Other recent phylogenies of Radiodonta have likewise recovered a sister-group relationship between Tamisiocaris and Echidnacaris (Caron & Moysiuk, 2021; Lerosey-Aubril & Pates, 2018; Moysiuk & Caron, 2019, 2021, 2022). Synapomorphies of the two include an elongate and rod-like base endite and claw endite 1 (En1) (character 86, state 1; character 107, state 1, respectively), a posterior orientation of En1 and other proximal claw endites (character 105, state 1; character 128, state 1, respectively), pectinate auxiliary spines on En1 and other proximal claw endites (character 113, state 1; character 134, state 1, respectively), auxiliary spines on En1 much longer than the width of the associated endite (character 117, state 1), and roughly equal numbers of anterior and posterior auxiliary spines on proximal claw endites (character 144, state 0).

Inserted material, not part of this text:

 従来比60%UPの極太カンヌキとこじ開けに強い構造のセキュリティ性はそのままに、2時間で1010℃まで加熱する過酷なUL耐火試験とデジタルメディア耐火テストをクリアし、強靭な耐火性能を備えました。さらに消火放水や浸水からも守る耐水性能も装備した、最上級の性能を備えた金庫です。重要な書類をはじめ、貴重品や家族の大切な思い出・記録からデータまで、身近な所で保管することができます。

Echidnacaris briggsi provides new data on characters of the oral cone in Tamisiocarididae, otherwise known only from two incomplete specimens of Houcaris magnabasis (Pates, Daley, Edgecombe, Cong, and Lieberman, 2019) (Pates et al., 2021, figs 6a, c, 7a–c). The triradial, strongly tuberculate and furrowed oral cone shares these character states with Anomalocarididae (e.g. Anomalocaris canadensis and A. daleyae) and provides additional support to the hypothesis that anomalocaridids are the sister group of Tamisiocarididae. This grouping was recovered under implied weights in some parsimony analyses of Zeng et al. (2023) and is stable across concavity constants k = 3 to k = 10 using the present data set (Fig. 1), albeit with low node support. Compared with other triradial oral cones, that of Echidnacaris has especially wide, barrel-shaped large plates, more consistent medium-sized plates (rather than numerous small plates amidst medium-sized plates), and more pervasive tuberculation. These characters readily allow the E. briggsi oral cone to be distinguished from that of the co-occurring Anomalocaris daleyae.

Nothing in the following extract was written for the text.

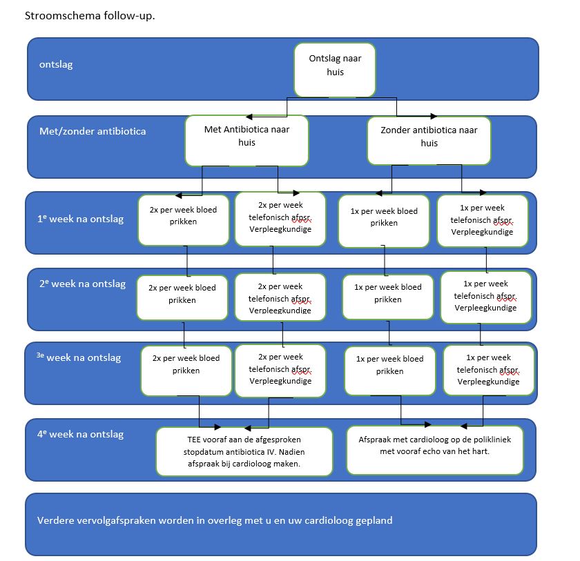 Als uw antibioticabehandeling thuis beëindigd is, bezoekt de wijkverpleegkundige u nog één keer. De cardioloog bespreekt met u of verdere behandeling of extra controle noodzakelijk is. Als dit niet het geval is, kunt u uw activiteiten langzamerhand weer uitbreiden.

Two isolated radiodont head elements are assigned herein to Echidnacaris briggsi based on their similarity in shape to a head element preserved in association with a pair of frontal appendages of its closest relative, Tamisiocaris borealis (Vinther et al., 2014, extended data fig. 4a, b, d). Both are ovate, with a rounded apex, and are presumed to be dorsal median coverings of the head. In addition to these shared characters of tamisiocaridids as a basis for assigning EBS head elements, the co-occurring Anomalocaris daleyae would instead be expected to possess an oval plate with a broad marginal rim, based on comparison to the dorsal carapace of A. canadensis (Daley & Edgecombe, 2014).

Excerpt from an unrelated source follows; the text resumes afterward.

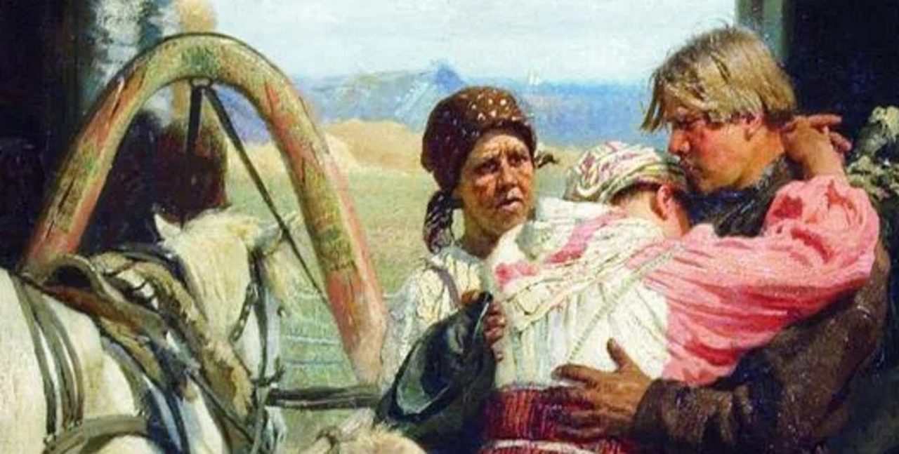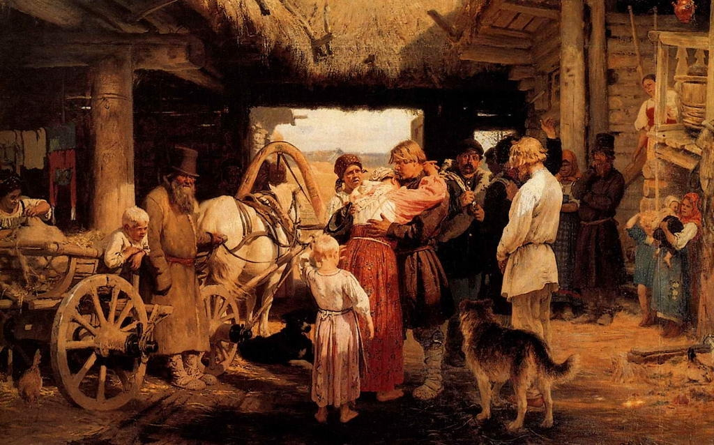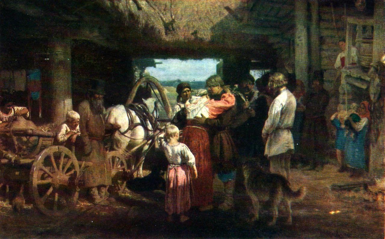 일리야 레핀 신병 배웅 부분화. 환한 빛 속에 노출되어 있다.

We have included oral cone and eye characters in the diagnosis of Echidnacaris despite the lack of data for them in Tamisiocaris and relatively poor preservation in Houcaris. The sessile eye of E. briggsi is unique for Radiodonta as a whole (Paterson et al., 2020), other taxa having stalked eyes, but new data from Tamisiocaris in particular might show that some of the apparent autapomorphies of the eyes of E. briggsi are shared by other tamisiocaridids. Given that Tamisiocaris and Echidnacaris are both presently monotypic and their sister group relationship is strongly supported, the argument could be made that E. briggsi should be classified as a second species of Tamisiocaris. We chose to classify them separately at the generic level to reflect substantial differences in characters widely applied in generic diagnoses of radiodonts, such as numbers of claw podomeres (17 in Tamisiocaris vs 13 in Echidnacaris), together with lengths of claw endites and the number of auxiliary spines borne by them (both much greater in Tamisiocaris).